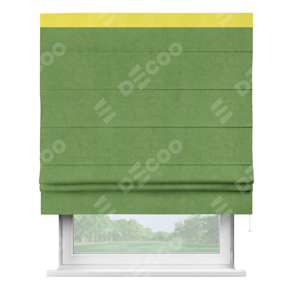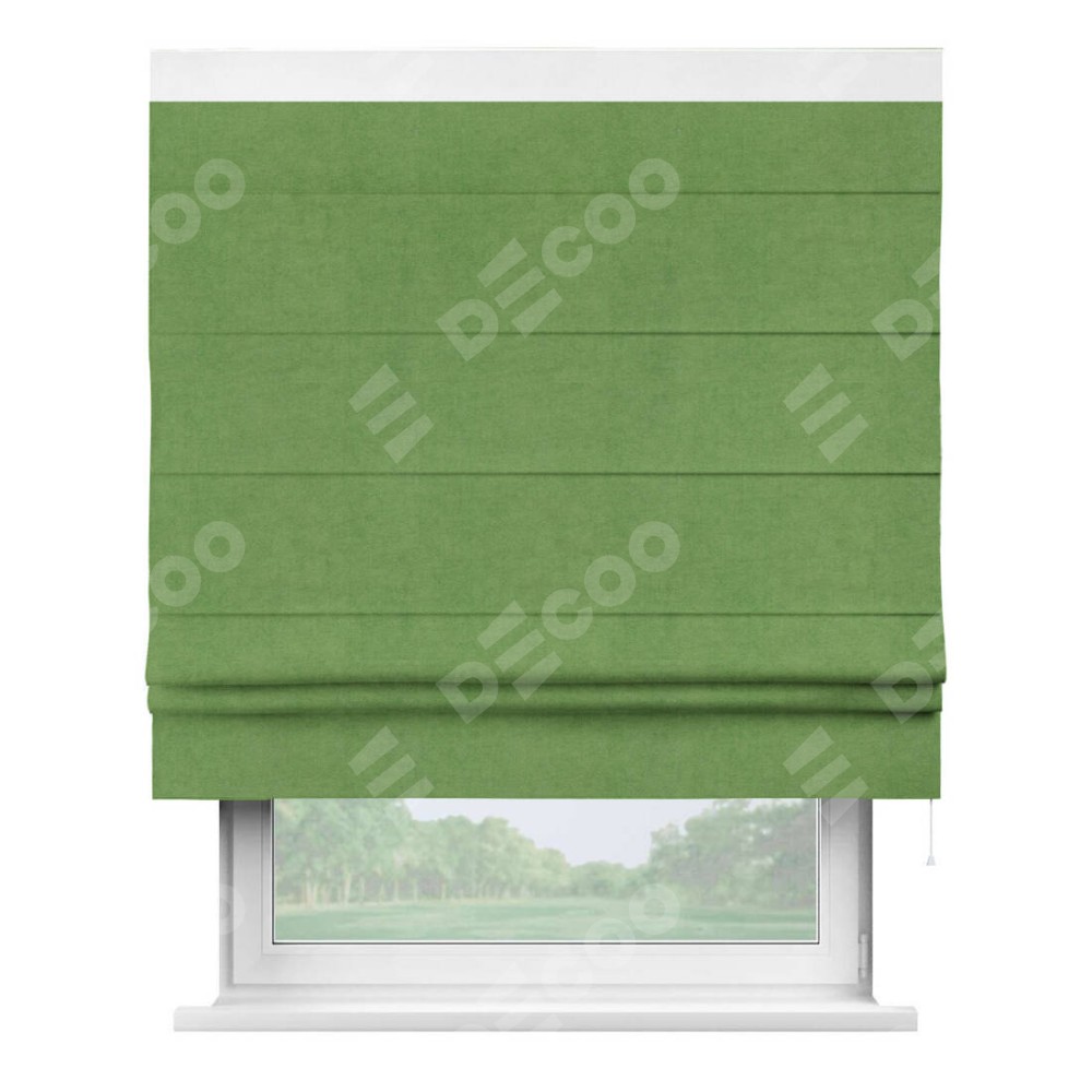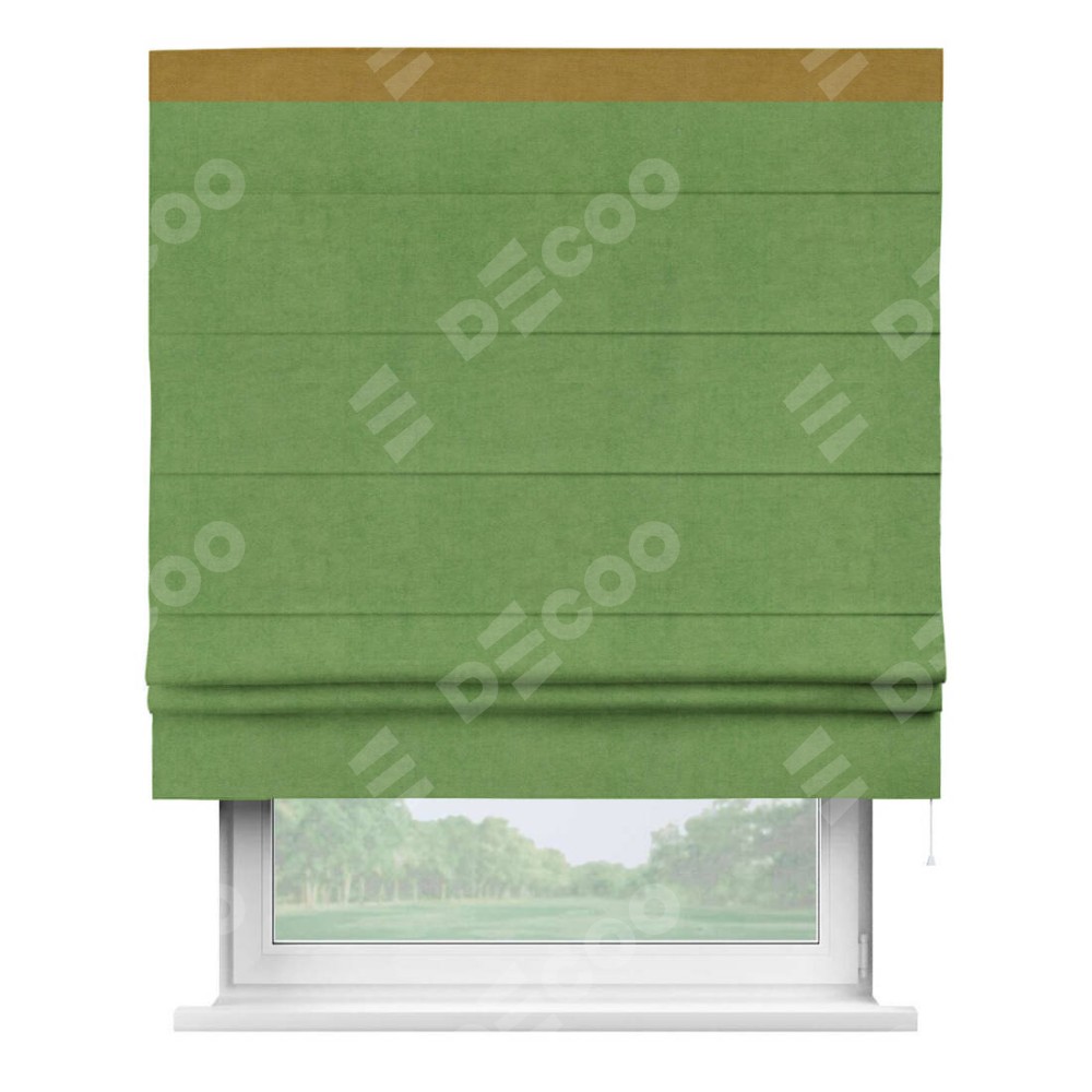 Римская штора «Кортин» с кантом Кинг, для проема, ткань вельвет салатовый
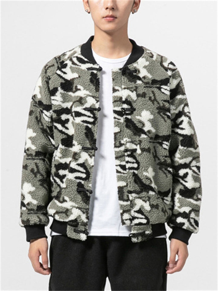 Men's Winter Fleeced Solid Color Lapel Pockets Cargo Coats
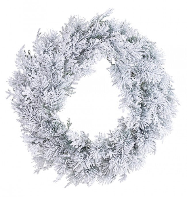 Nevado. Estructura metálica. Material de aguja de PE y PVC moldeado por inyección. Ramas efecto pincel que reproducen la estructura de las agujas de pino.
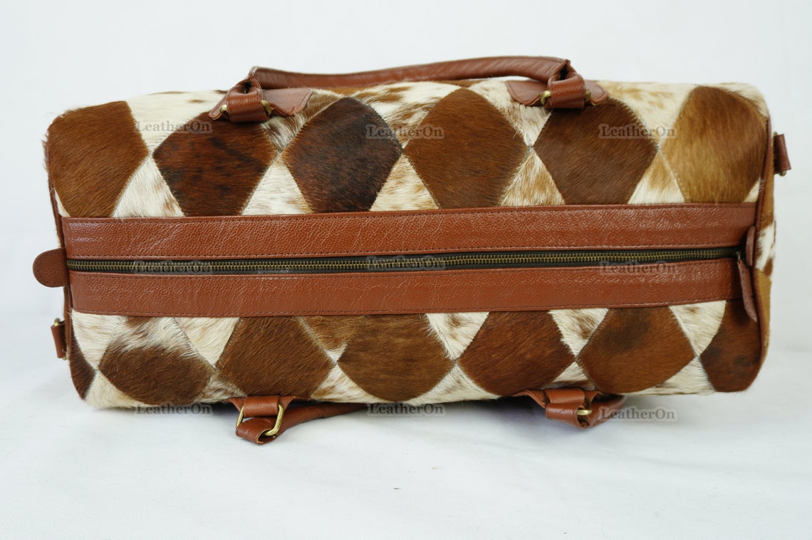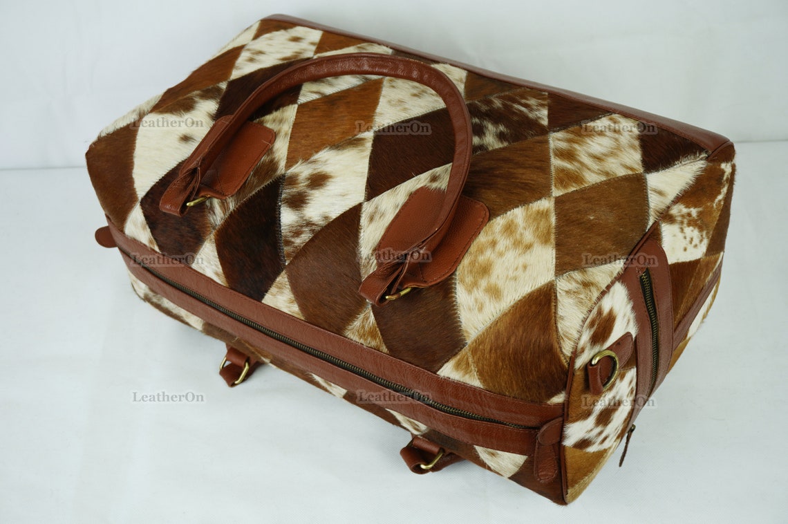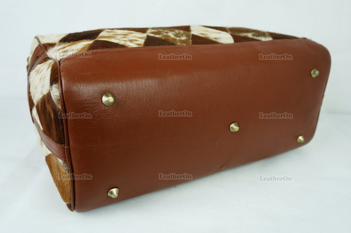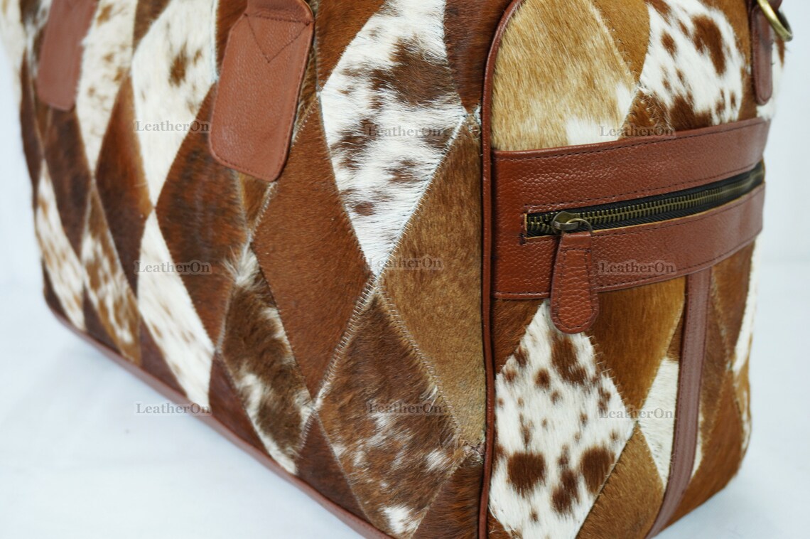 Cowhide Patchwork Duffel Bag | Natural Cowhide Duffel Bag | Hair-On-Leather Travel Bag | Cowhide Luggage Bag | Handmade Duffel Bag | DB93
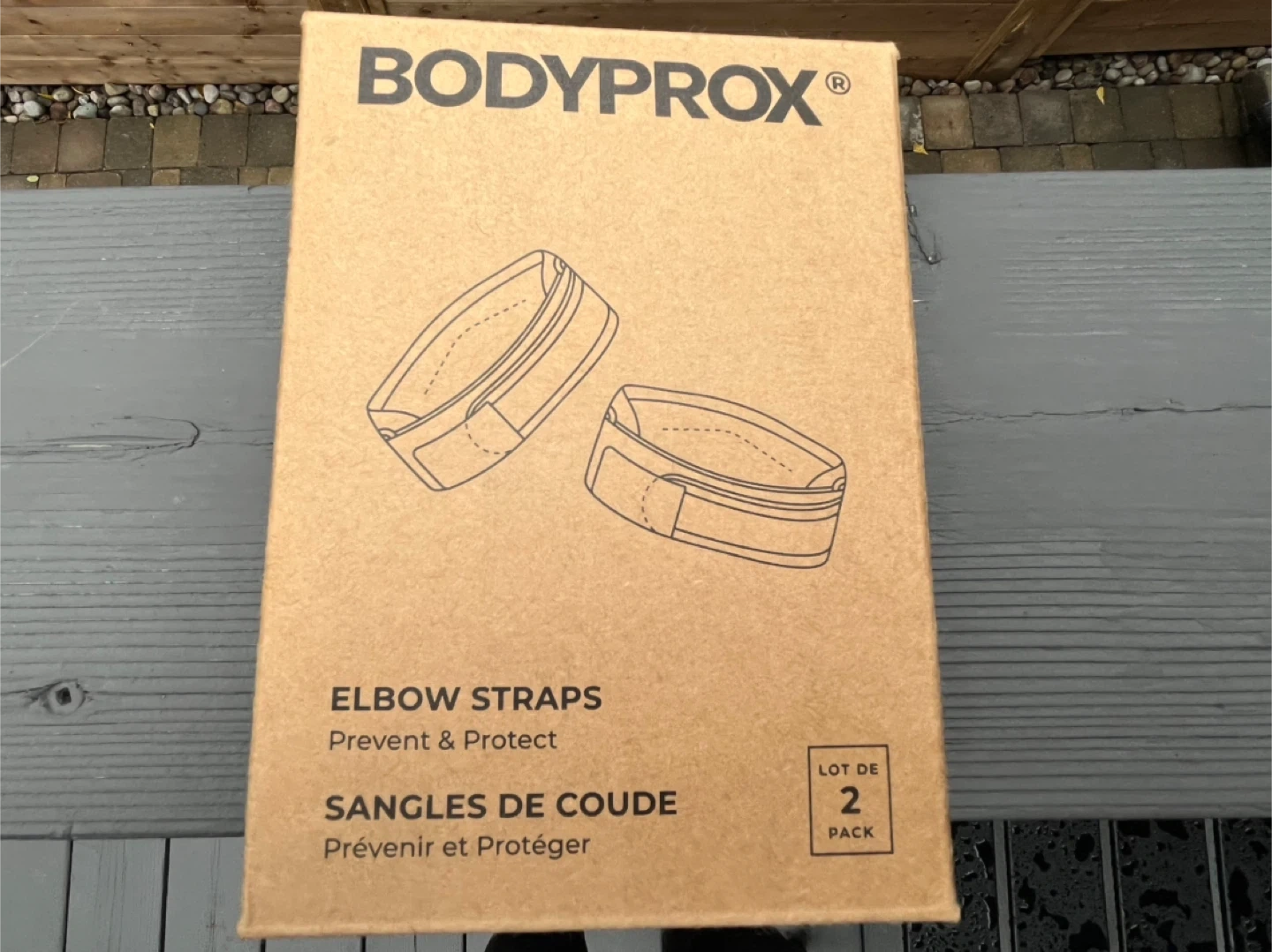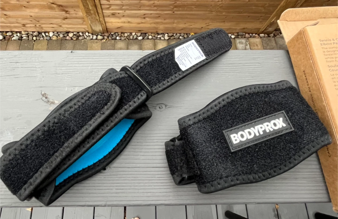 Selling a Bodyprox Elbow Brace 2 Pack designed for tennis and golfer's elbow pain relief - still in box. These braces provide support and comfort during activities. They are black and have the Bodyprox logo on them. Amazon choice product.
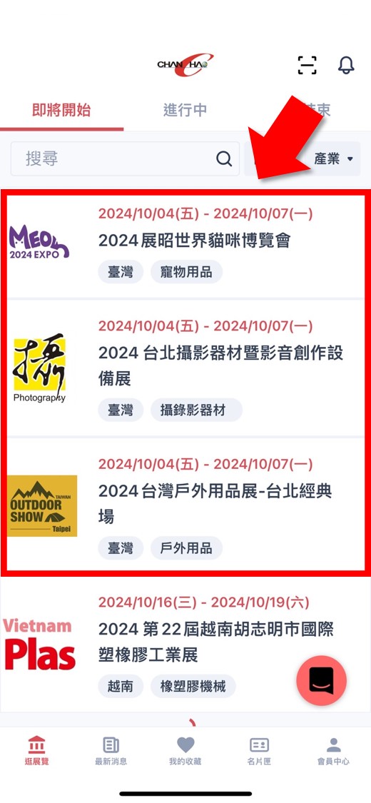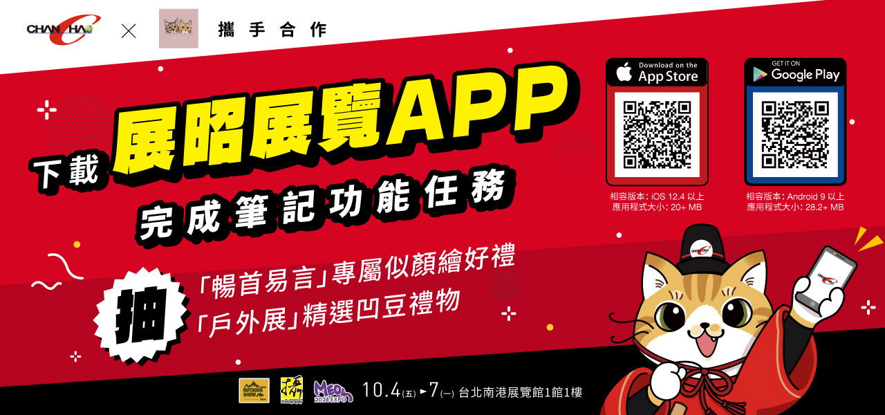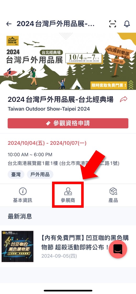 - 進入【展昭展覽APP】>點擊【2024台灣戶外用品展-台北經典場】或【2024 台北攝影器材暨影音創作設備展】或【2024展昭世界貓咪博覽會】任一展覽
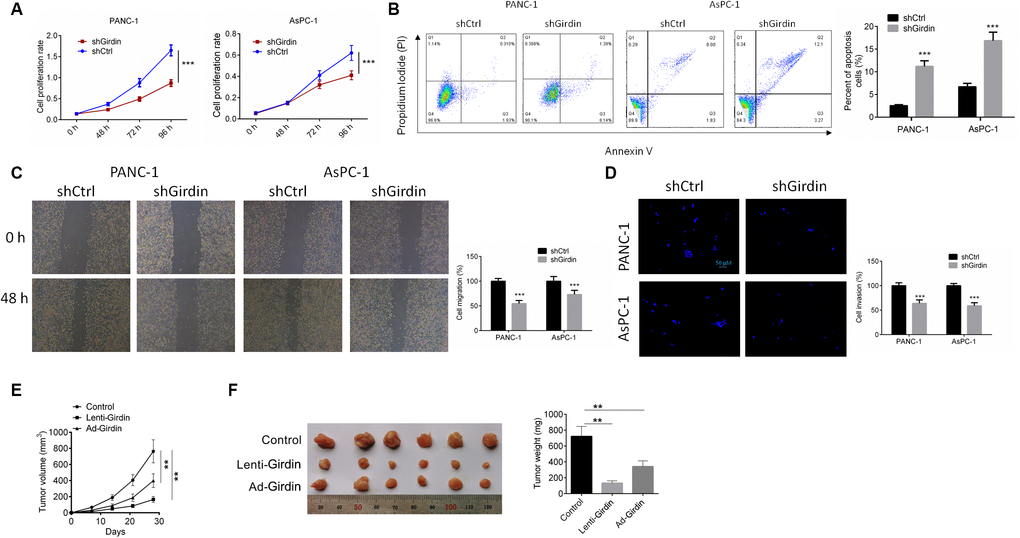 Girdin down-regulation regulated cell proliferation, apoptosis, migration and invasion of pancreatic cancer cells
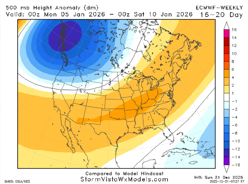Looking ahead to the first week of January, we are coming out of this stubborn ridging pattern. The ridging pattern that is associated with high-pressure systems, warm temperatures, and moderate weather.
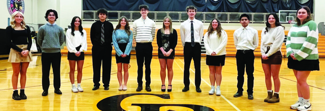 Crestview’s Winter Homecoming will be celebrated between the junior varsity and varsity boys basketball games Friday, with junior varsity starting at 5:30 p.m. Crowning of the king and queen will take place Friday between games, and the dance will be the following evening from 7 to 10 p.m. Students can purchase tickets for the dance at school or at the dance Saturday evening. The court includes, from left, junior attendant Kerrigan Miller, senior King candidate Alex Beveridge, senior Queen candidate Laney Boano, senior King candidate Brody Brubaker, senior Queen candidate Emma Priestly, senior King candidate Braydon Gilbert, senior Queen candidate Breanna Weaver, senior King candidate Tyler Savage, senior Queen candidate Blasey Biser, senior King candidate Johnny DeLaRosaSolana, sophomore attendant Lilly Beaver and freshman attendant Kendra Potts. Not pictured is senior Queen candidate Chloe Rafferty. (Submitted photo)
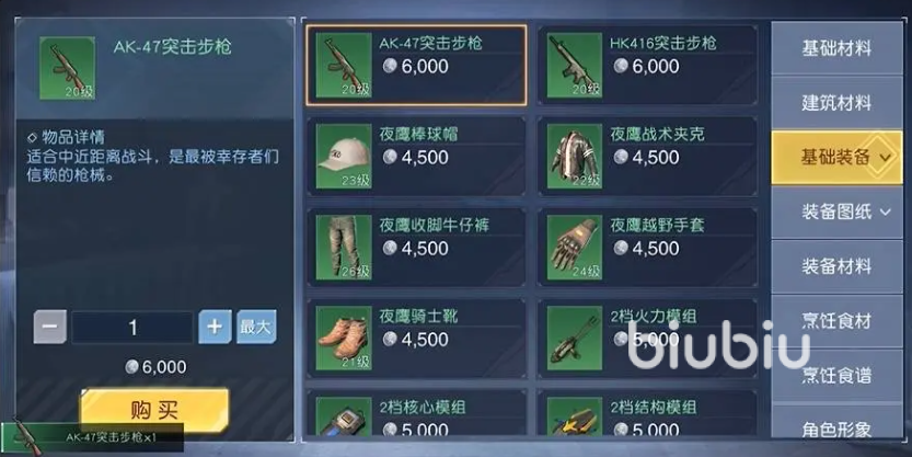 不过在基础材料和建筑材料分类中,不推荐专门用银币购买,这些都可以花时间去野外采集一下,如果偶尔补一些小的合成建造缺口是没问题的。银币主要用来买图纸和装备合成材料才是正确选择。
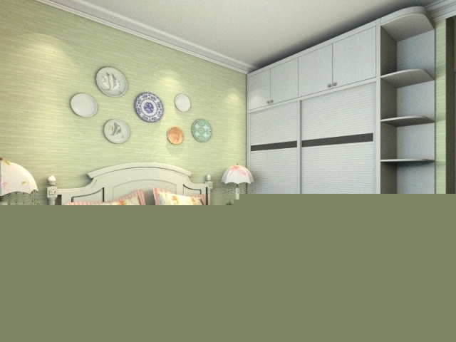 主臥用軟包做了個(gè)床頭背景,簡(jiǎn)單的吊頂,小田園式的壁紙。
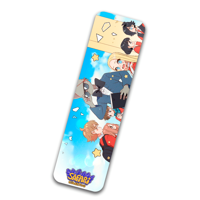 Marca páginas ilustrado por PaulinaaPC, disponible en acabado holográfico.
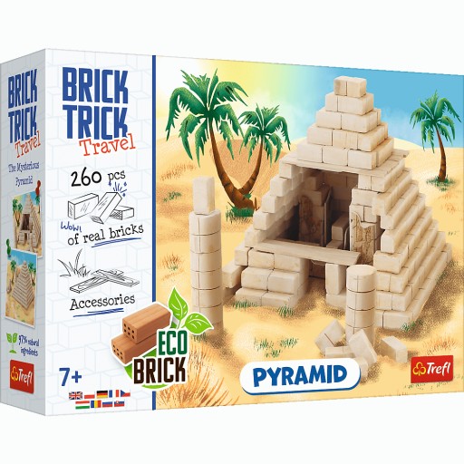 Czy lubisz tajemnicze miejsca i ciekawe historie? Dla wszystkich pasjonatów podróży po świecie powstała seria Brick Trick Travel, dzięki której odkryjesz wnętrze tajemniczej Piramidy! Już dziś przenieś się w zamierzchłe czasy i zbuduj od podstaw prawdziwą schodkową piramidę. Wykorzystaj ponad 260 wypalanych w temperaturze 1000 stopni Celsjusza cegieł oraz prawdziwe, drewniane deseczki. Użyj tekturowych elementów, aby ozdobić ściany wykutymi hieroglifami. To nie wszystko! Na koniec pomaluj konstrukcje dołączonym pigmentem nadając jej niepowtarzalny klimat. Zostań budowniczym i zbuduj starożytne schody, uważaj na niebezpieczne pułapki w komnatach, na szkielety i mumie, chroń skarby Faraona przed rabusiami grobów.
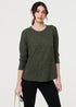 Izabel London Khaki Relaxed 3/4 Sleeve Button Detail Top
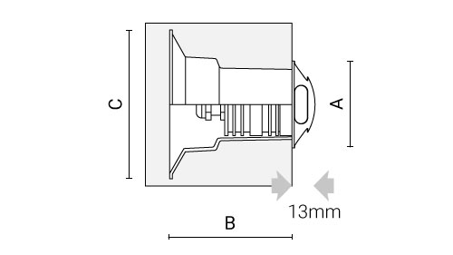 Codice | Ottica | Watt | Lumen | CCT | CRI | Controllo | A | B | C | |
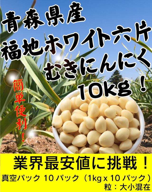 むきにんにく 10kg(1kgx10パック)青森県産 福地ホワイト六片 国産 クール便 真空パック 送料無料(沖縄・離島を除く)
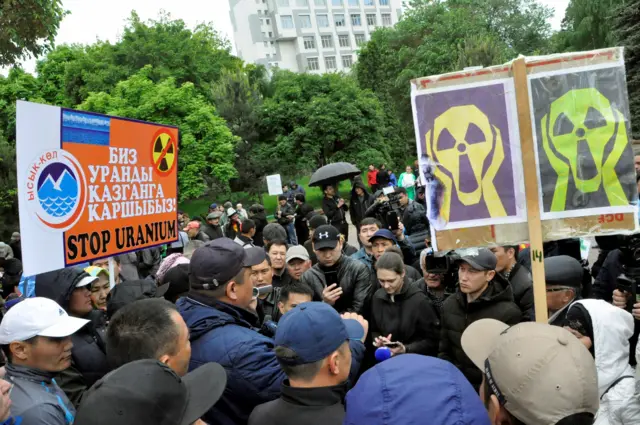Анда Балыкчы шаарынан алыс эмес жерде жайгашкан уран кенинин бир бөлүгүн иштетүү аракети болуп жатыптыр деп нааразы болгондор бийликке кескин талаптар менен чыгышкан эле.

....................

> [EXERCISE DETAILS]: Because only one stretch of the records is wanted, please output the lines from the one holding "不过在基础材料和建筑材料分类" through the one holding "Marca páginas ilustrado" exactly, both included, and leave every picture out.

> [WORKED SOLUTION]:
 不过在基础材料和建筑材料分类中,不推荐专门用银币购买,这些都可以花时间去野外采集一下,如果偶尔补一些小的合成建造缺口是没问题的。银币主要用来买图纸和装备合成材料才是正确选择。
 主臥用軟包做了個(gè)床頭背景,簡(jiǎn)單的吊頂,小田園式的壁紙。
 Marca páginas ilustrado por PaulinaaPC, disponible en acabado holográfico.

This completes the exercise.